Sitemap

The brutal truth about becoming a design manager

(and why it’s all going to be fine)

4 min readSep 21, 2016

--

1. Your team complain about you.

The armour you formed for dealing with design feedback is needed now, but for another matter. No matter how sociable your relationship with your team appears to be, you are still the focal point their work complaints. It’s natural to focus frustrations with work on one person and ‘the boss’ is most likely target. It’s important to accept this and use to strengthen your team. Instead of getting caught in paranoia, get out of your chair and seek out concerns/frustrations/worries amongst your team. Be proactive and provide an environment in which they can approach you with their ideas and work complaints.

2. Nobody is more invested than you.

As excited and enthused as your team may be, you are still the person with the most riding on the team’s success. So naturally you’ll be more passionate and more invested than your design team. This allows you to lead by example. You now set the standard for creative behaviour. Be the beacon of positive energy.

3. Your ‘hands-on’ design skills will fade.

This is the next step on your design career path. More of your time will be devoted to managing, guiding, defending and discussing design. Less of your time will be spent actually creating designs. As you won’t be practicing design so frequently your skills will begin to fade. This is ok. Don’t panic. Your skills in directing, thinking, presenting and managing design will naturally improve.

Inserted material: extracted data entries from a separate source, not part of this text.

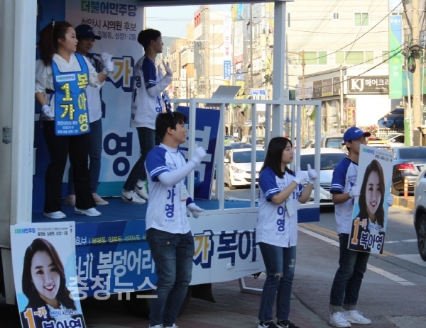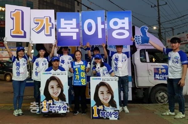 6.13 전국 동시지방선거 운동이 본격적으로 시작 되면서 복아영 천안시의원 후보(봉명,일봉,성정1.2동)의 ‘뿜뿜유세단’이 주목을 받고 있다.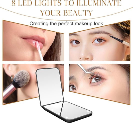 Makeup Mirror with Lights, 3X Magnifying Led Compact Travel Mirrors for Pocket,Purse, Double-Sided Foldable Handheld, Vanity Mirror with Lights, Makeup Vanity Desk Bathroom, Gifts for Women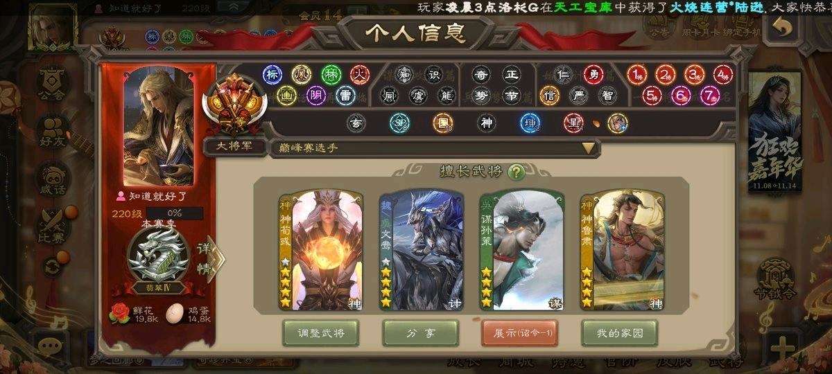 【VIP等级】VIP14[官阶]一等大将军【游戏等级]220【史诗武将数量】100【所有武将数量】497【所有皮肤数量]671【动态皮肤数量]113 【武将】回廊神荀彧回廊神鲁肃势魏延友诸葛势太史慈神郭嘉曹髦陆郁生刘焉神华佗十常侍谋夏侯惇回廊文鸯神孙策神司马懿神甘宁谋诸葛谋关羽势于吉谋貂蝉回廊杜预谋孙策回廊谋黄盖孙寒华张奋刘璋杨彪裴秀祢衡谋张角神太史慈谋黄月英谋夏侯氏 【动态皮肤]逐鹿天下·曹操,洛水神韵·甄姬,明珠耀躯·甄姬,以身证道·郭嘉,驱虎吞狼·荀彧,牛年清明·曹丕,

You will become more rounded and equally vital to the design world. These are not your “sunset years”. Your skills will develop in important new ways.

4. You will have to be the janitor.

Becoming a manager of designers does not mean you will leave behind menial jobs. In fact the more you actively deal with the ‘dirty work’, the more your team will understand that you’re there to serve them. Being a design leader is not about being a Tom Ford style creative dictator, it’s about facilitating the design team and helping them create their best work. So tidy the studio, chase tech support to fix problems, rename those files and your team will begin to love you for it.

5. Most of your time will be spent with non-designers.

The long days in the design studio are over. The comforting warmth of a creative cocoon is gone and the cold reality of a commercial world is where you now live. Your days will now be spent in meetings with people who don’t understand design and some that don’t care about it. Interestingly this now means you (and sometimes you alone) will represent design in these new environments. This is your opportunity to either embrace or disprove the stereotypes of being a designer.

6. Any designers not performing well, reflects on you.

The idiom that ‘you’re only as good as your last piece of work’ has shifted for you. You’re now only as good as your team. If one member of your team is struggling then it reflects on your leadership. A team manager does not have the luxury of writing a team member off. But as a team manager you have the great advantage of being able to bring your team together. A team is, by definition, a support system. Your team has the ability to equalise itself and you alone are perfectly placed to create that balance.

7. You’re not Don Draper.

The role of a Design Lead is very different from a Creative Director. Your task is not to find the one inspirational concept. It also involves surprisingly little drinking and few ties (sadly). The need for one hit creative campaigns is dwindling with the rise of interactive systems. Now the real creative ‘mad men’ are the designers who are defining the digital experiences that surround us. I believe this is the golden era of design. Being a part of this community is more exciting than any TV spot.

8. It’s your neck on the line.

You stand alone. There is nowhere to hide when a design fails or the design process comes apart. The buck stops with you. When it goes wrong (and it will go wrong) you will feel the most pain. On the flipside when it goes well the glow of success is yours to bask in. Your team’s accolades and triumphs will bring more than enough satisfaction to wash away the tough times.

The role of a design manager varies wildly across organisations, so these cannot be universal truths. This is simply a list of things to consider when making the step from designer to design leader. It’s an incredible challenge, not for everyone, but entirely worth the work.